Teacups

By: Adora Brown

In the kitchen sat four identical teacups. Each had the same swirly designs, as paint danced along every curve and crevice. Mama told me I couldn’t touch the teacups. They are not your toys, she would say. But now, Mama doesn’t seem to care about her good china anymore. Inside those cups sat cold chamomile, Papa’s favorite. But Papa and the boys never returned.

In the kitchen there is a window. In the corner is a small crack where Billy nearly shattered the smudged glass into a million pieces. There are two symmetrical lines of dust along the windowsill. Each day Mama would open that window, hoping to catch a glimpse of the troops finally returning home, hoping to see our broken family again. Correction, nearly broken. Just as Billy’s baseball nearly broke the window. There’s still hope, Mama mutters to herself sometimes.

In the kitchen there are ghosts. A small remnant of what used to be our family. Papa would sip his tea as the boys would dance around the kitchen table singing jolly tunes. Mama would scold them, but I would catch her small smiles from time to time.

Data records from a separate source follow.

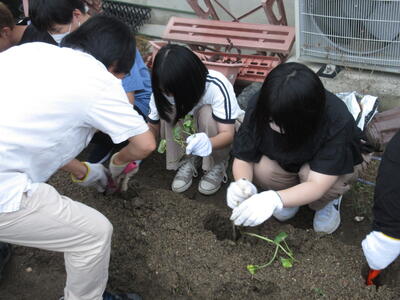 6月24日(月)、1年生がサツマイモの苗植えを行いました。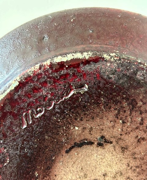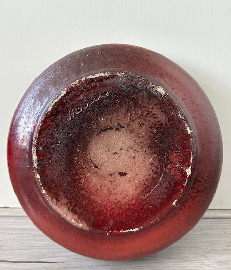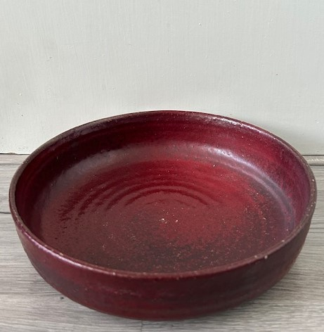 OverzichtMobach handgedraaide schaal met opstaande rand. De rustieke schaal is bedekt met roodbruin glazuur.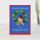 Um cartão de Natal com uma coroa de santo e mariposa com um Robin Redbreast preso atrás do arco de fita de ouro, de um design de colagem de papel pintado à mão por Judy Adamson. A saudação à frente, em letras brancas, é "Feliz Natal e Feliz ano novo!" e a dentro é deixada vazio para a sua própria mensagem.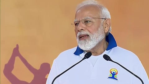 यूएन मुख्यालयात झालेल्या या कार्यक्रमात पंतप्रधान मोदी म्हणाले की, ''योग भारतातून आला आहे, परंतु त्यावर कोणताही कॉपीराइट नसून तो रॉयल्टी इत्यादीपासून मुक्त आहे. कोणत्याही वयोगटातील लोक हे करू शकतात.'' "संपूर्ण जग योगासाठी पुन्हा एकत्र आले हे पाहून आनंद झाला, असंही ते म्हणाले आहेत. (Latest Marathi News)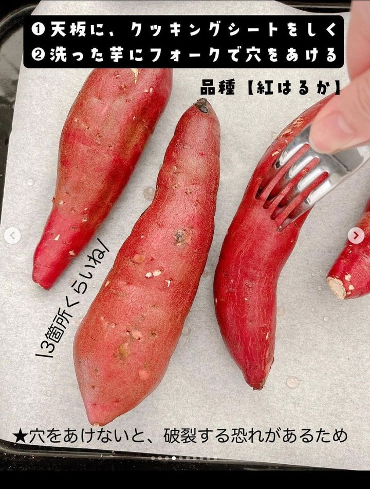 オーブン用の天板にクッキングシートをしく。洗った「さつまいも」を並べて、3か所くらいフォークで穴を開ける。理由はさつまいもが破裂するおそれがあるためです。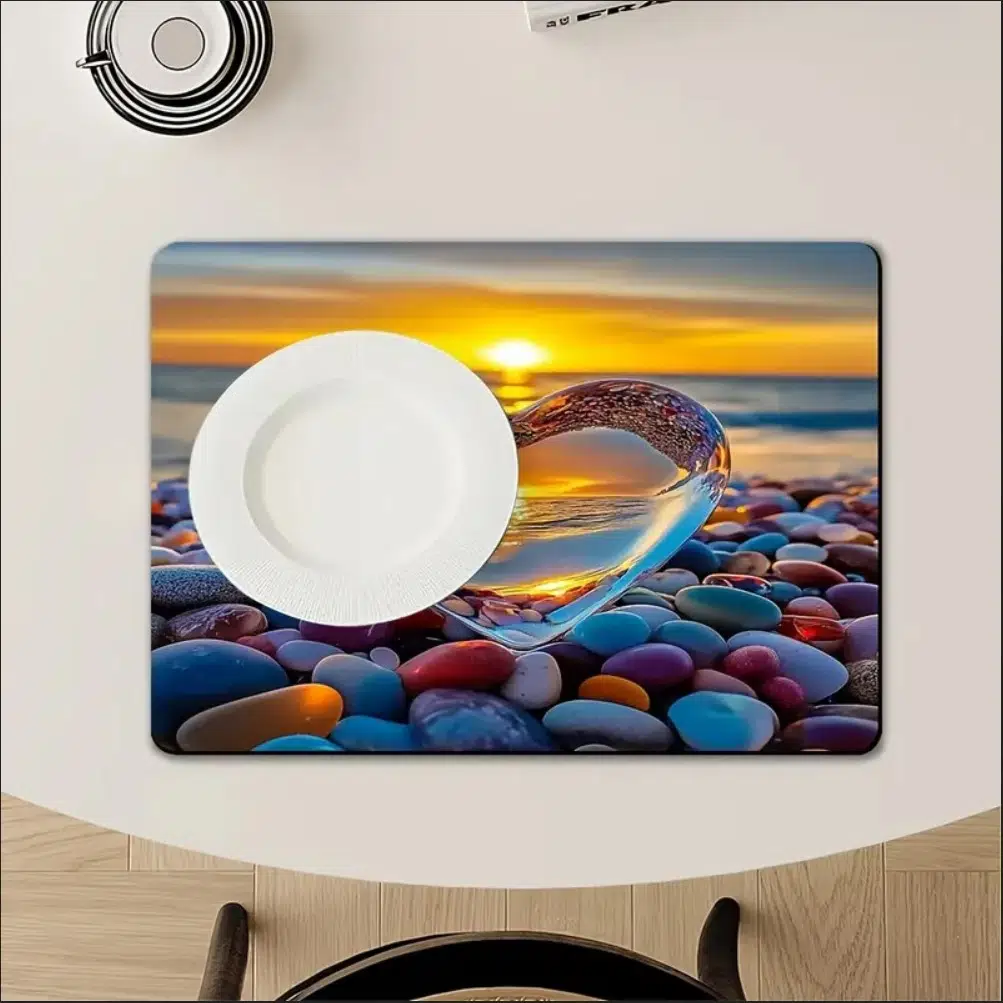 55cm x 45cm DENİZİN KALBİ TASARIMI TEZGAH ÜSTÜ BULAŞIK KURUTMA MATI BULAŞIKLIK KURUTMA ÖRTÜSÜ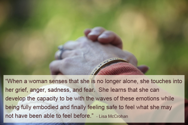 I’ve journeyed alongside clients and held space for and witnessed what happens when a woman begins to sense she is not along.  She begins to “touch into” her grief, anger, rage, sadness, and fear.  She learns that she can develop the capacity to be with the waves of these emotions while being fully embodied and finally feeling safe to feel what she may not have been able to feel before.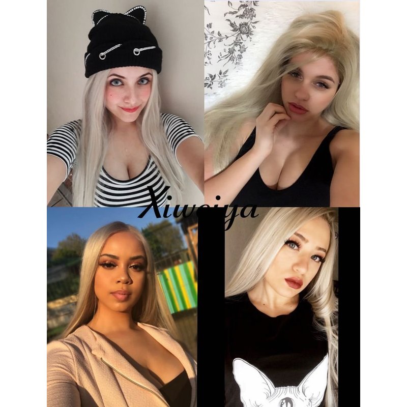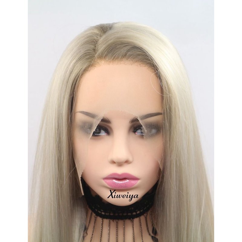 xiweiya Ombre Blonde Wigs with Light Brown Roots Glueless Side Part Long Straight Synthetic Blonde Lace Front Wig Heat Resistant Fiber Half Hand Tied for Daily Party Use 26inch

In the kitchen there is a letter. It sits on the counter, taunting me, but I don’t dare move it. When Mama opened that yellow envelope she dropped her teacup, that fine piece of good china she once cared so much about, to the floor. It shattered, breaking into hundreds of little pieces. MIA, Mama whispered. Missing in Action, three words that broke apart our family. Not nearly, anymore. Completely, utterly, shattered. The remnants of what used to be now strewn across the kitchen floor. Delicate, sharp, shards of us. Now Mama sits upstairs, broken. Papa and my two older brothers, three teacups, but the tea is no longer warm. And me, an empty cup in an empty family.